Küçümsemediğim gibi abartmıyorum da. Bildiğin ve defalarca konuştuğumuz olsa da bana bahşedilen hayatı şükürle yaşamaya çalışırken, üretmek için okuyor ve yazmaya çalışıyorum Dağlım. Doğaldır ki insan “güzel” saydığını “güzel” bulduğuna götürür ve paylaşır. Benim yaptığım da budur güzelim!
Okuduğum kitaplardan…
“Deli Ali Bey zamanın hatırı sayılır zenginlerinden imiş. İşi olmadığı zamanlar Kuzguncuk’a gider ve oradan bir Yahudi sandalına binerek Beşiktaş’a gelirmiş. Sandalcı ile on paraya varıncaya kadar pazarlık eder, yola çıkınca Yahudi’ye cebinden çıkardığı altını göstererek, “Yahudi bunu sana mı vereyim, denize mi atayım?” der ve Yahudi’nin sarı liraları görünce takındığı tavır ile eğlenerek Beşiktaş’a varıncaya kadar denize beş on altın atarmış.”
“Sevdiğin yüzünden deli oldun, dediler.
Yaşamın tadını yalnız deliler bilir.” dedim.
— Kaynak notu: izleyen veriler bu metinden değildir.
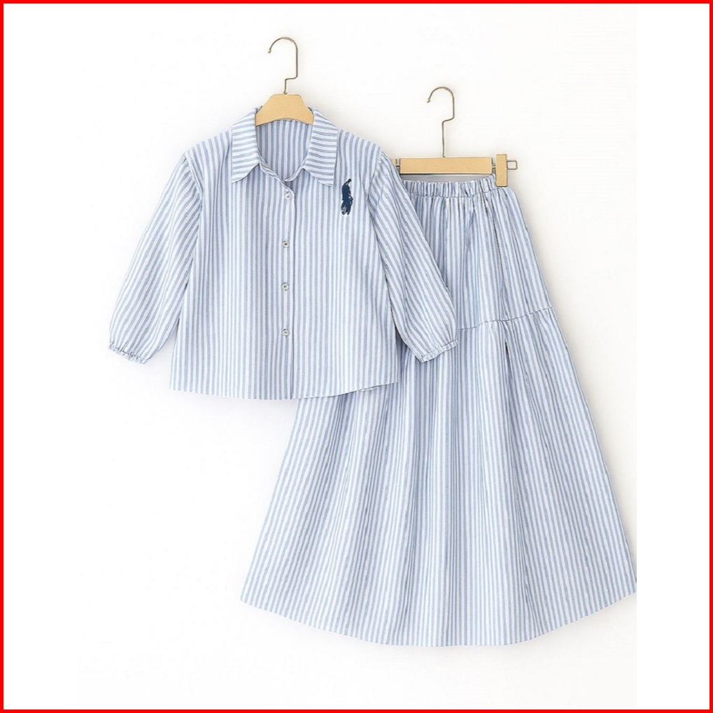 Setelan Rok Anak Prempuan 3-12tahun Terbaru 2025-hanna Set Kid S Katun Salur Kekinian.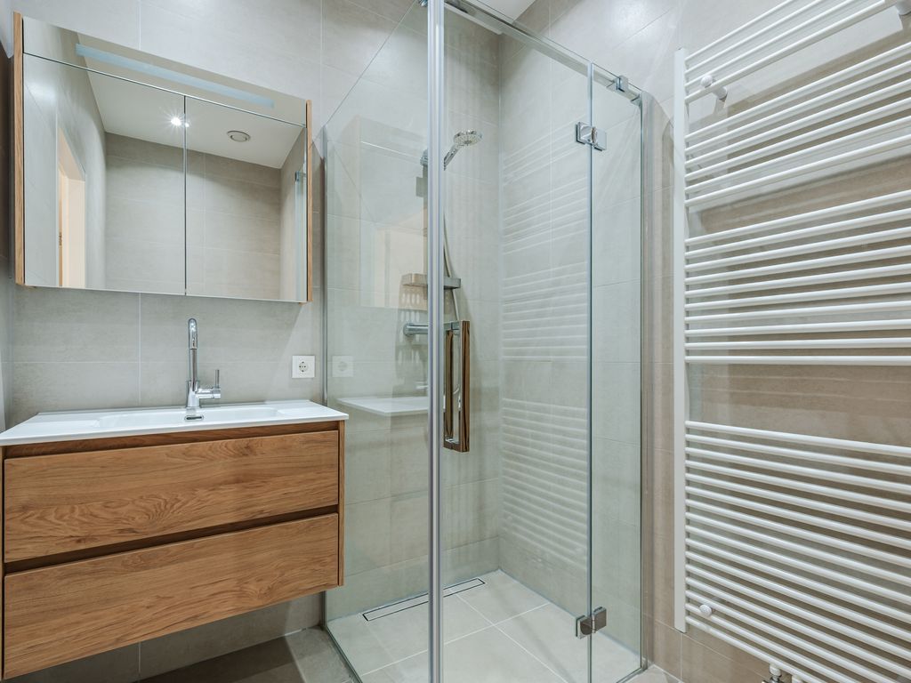 - Een in 2024 professioneel gebouwde badkamer uitgevoerd met een inloopdouche, wastafelmeubel en zwevend toilet

“İçim altüst oldu ve dehşet içinde bir şiddete tutuldum. Ta içimden geliyordu, işte en kötüsü de budur. Dışarıdan, kıçınıza tekmeler inince kaçabilirsiniz. Ama böyle bir şey içerden geldi mi kaçmak olanaksızdır. Böyle bir şeye yakalandım mı gitmek, bir daha hiçbir zaman hiçbir yere dönmemek isterim. Sanki biri oturuverir içime. Çığlıklar atmaya, kendimi yerden yere vurmaya başlarım, dışarı çıkabilmek için başımı çarpar dururum ama beceremem, bacakları olan bir şey değildir bu, insanın hiçbir zaman bacakları olmaz içinde. Bundan söz etmek bana iyi geliyor ha, biraz dışarı çıkar gibi oluyor. Ne demek istediği mi çakıyor musunuz?”
Şimdi sana kayalardan süt misali akan su, şimdi sana zeytin ekmek, şimdi saçlarına kır çiçekleri. Gönlüne gökyüzü.
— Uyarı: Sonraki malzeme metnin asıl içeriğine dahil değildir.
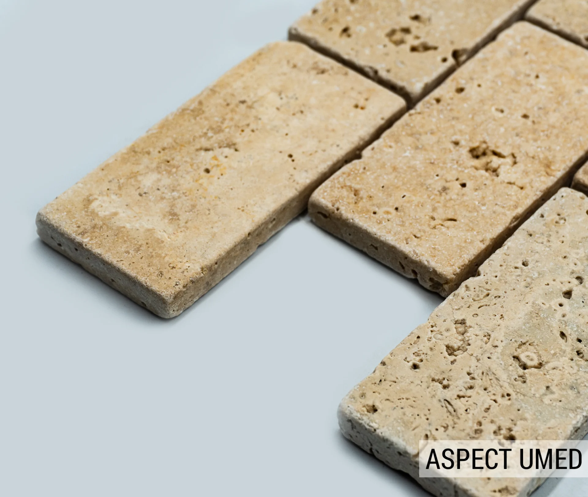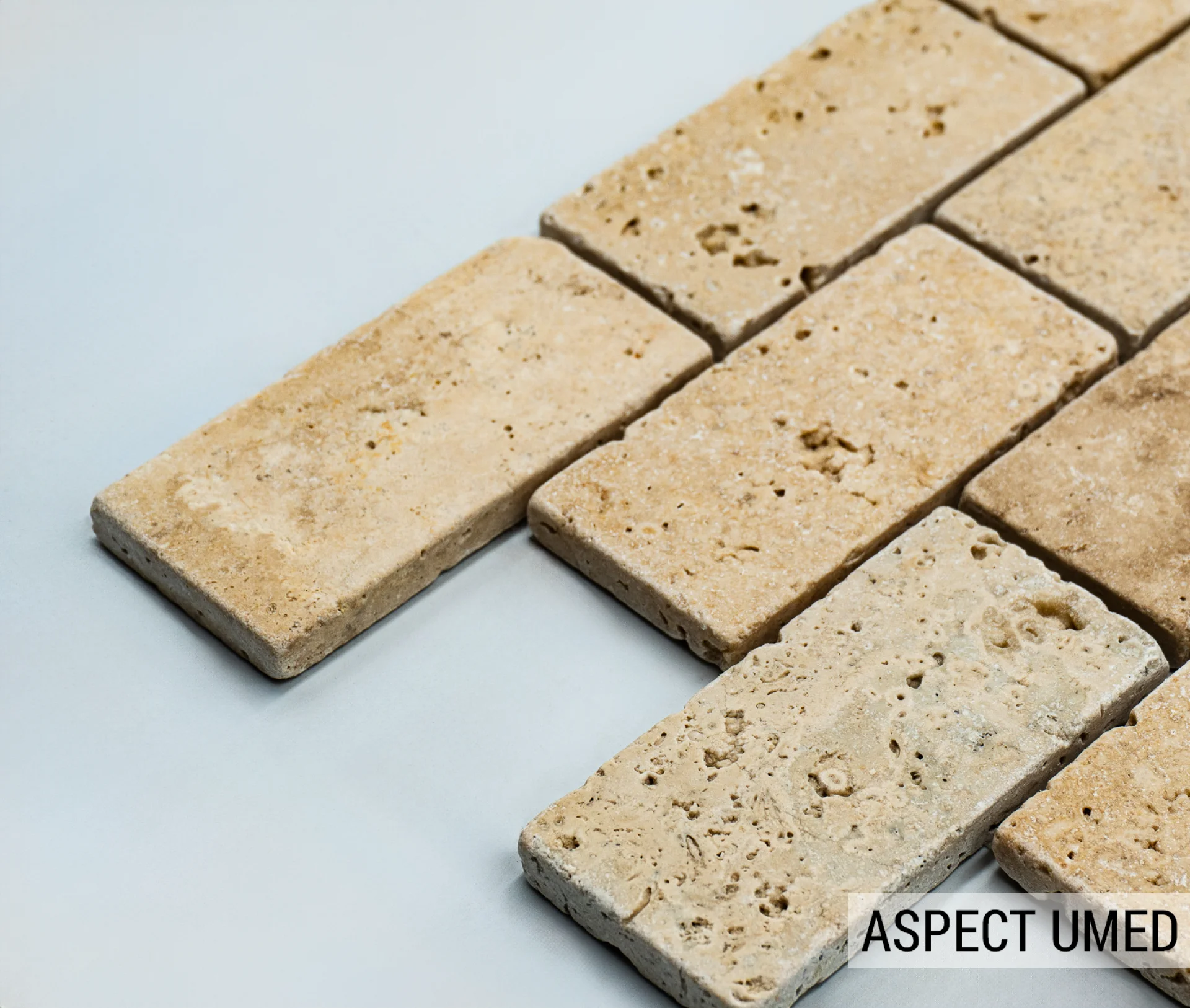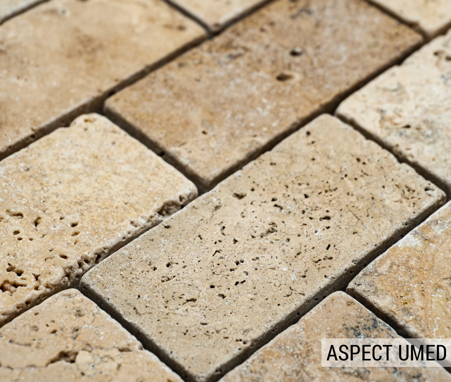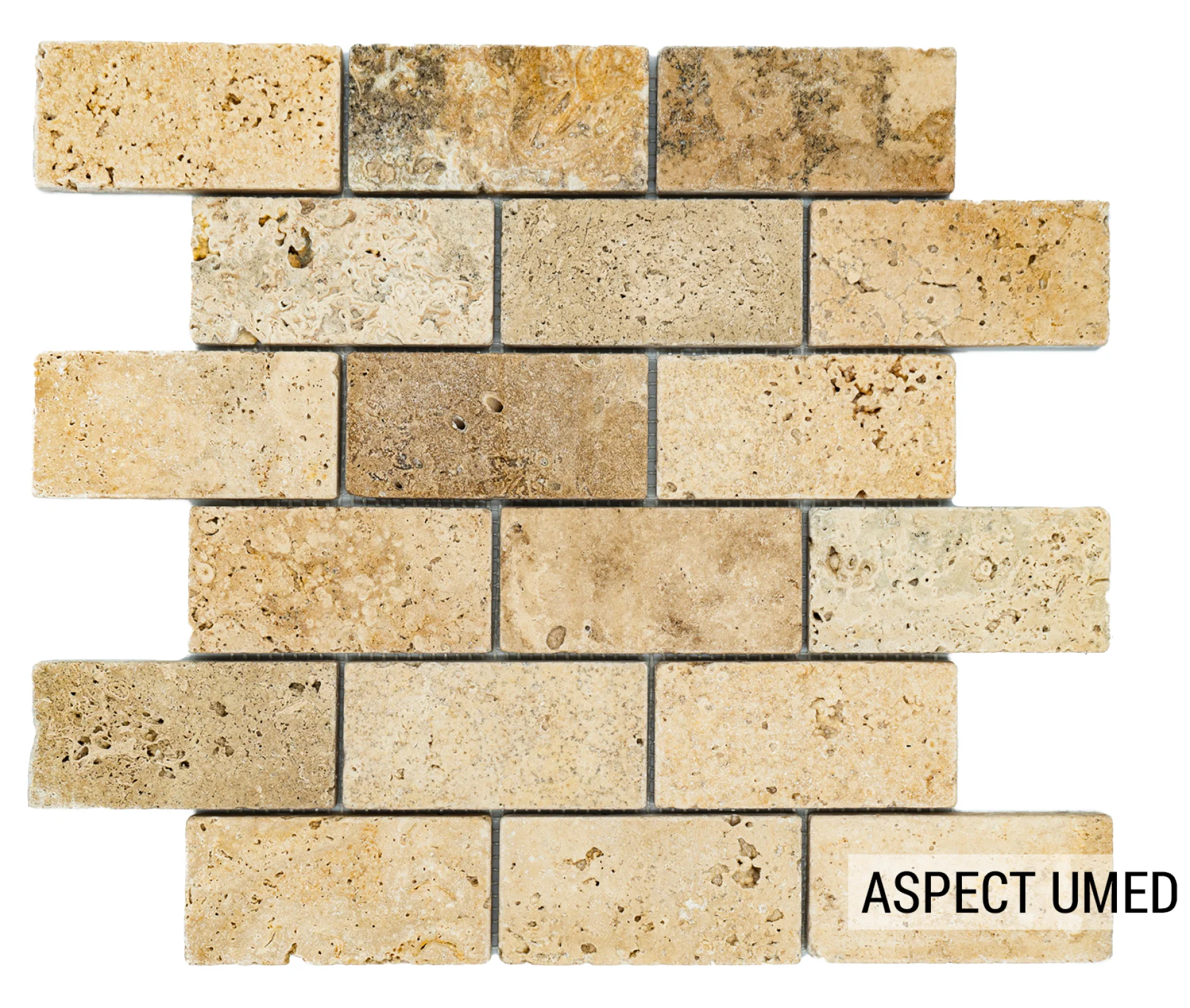 MOZAIC PE PLASA DIN TRAVERTIN ANTICHIZAT, DIMENSIUNE BUCATI DE 4.8X10 CM, GROSIME 1 CM

Seni seven için yaşamak kadar güzelsin. Sevdiğin için cennettir kalbin.
Gönlüne sözüm olmaz. Sevmek, söylemek, sarılmak da gönlünün dilidir. Söylersin veya söylemezsin.
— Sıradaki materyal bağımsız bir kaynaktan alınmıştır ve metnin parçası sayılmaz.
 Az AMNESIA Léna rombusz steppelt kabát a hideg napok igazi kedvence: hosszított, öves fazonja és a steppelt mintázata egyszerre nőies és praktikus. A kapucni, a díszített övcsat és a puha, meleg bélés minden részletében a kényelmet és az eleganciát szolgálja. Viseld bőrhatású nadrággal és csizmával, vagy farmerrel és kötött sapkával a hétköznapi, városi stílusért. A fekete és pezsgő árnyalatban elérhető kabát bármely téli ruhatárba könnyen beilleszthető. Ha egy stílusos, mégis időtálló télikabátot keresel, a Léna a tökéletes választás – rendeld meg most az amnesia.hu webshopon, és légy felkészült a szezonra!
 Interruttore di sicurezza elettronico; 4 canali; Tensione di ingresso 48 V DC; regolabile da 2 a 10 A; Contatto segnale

Ve gülümseyerek ve sevgiyle: Yüzüne gölge, gönlüne hüzün düşürürsem, seni sevemediğimi düşünür ve susarım.
Sana yazarken mutluyum, bunu biliyorum ve yaşıyorum.
Hem söylemenin hem susmanın kapısıdır sevmek. Ve kalbimiz sığmaz olur göğüs kafesimize.
Korkarız, dalar gider ve gülümseriz. Mutluluk acı verir gibidir. Kalbimizin atışı normalleşsin diye yalnızca sarılıp susmak isteriz.
Şöyle söyleyeyim: Seni tanıdığımda güzeldin ve gün geçtikçe güzelliğin artıyor.
Ahh, içten içe saklambaç oynar, bizi bulanda o olsun isteriz. Hem saklanır, hem yakalanmak isteriz. Hayata karşı büyür ancak severken çocuklaşırız.
İnsanın hüznü gibi mutluluğu da her zaman en çok gözlerinin içindedir. Şuan gözlerine bakmak isterdim.
Gülümseyip mutlu olduğunu düşlediğimde: “Bembeyaz kuşlar, alkış tutarcasına, kanat çırpıyorlar.”
İnsanların çokları, korkuları tarafından mağaralara, kötü masalılara, öcülere, ihanetlere, çöllere, paraya, aynalara, evlere, makama, rütbelere, hırslarına, merhametsizliğe, ucuzluğa, gevezeliğe, acılara kaçırılmıştır. Gerçek manada sevmek, bütün bunlardan uzak olduğu içindir ki serap gibi ve gerçek özgürlüktür.
Sevmek, tutsak bir kuşa benzeyen ruhumuzu kafesten salıvermeye benziyor. Uçuyoruz ve şaşkınız.
Sevildikçe içimizdeki boşluklar dolar ve yeni boşluklara gebedir yaşamak.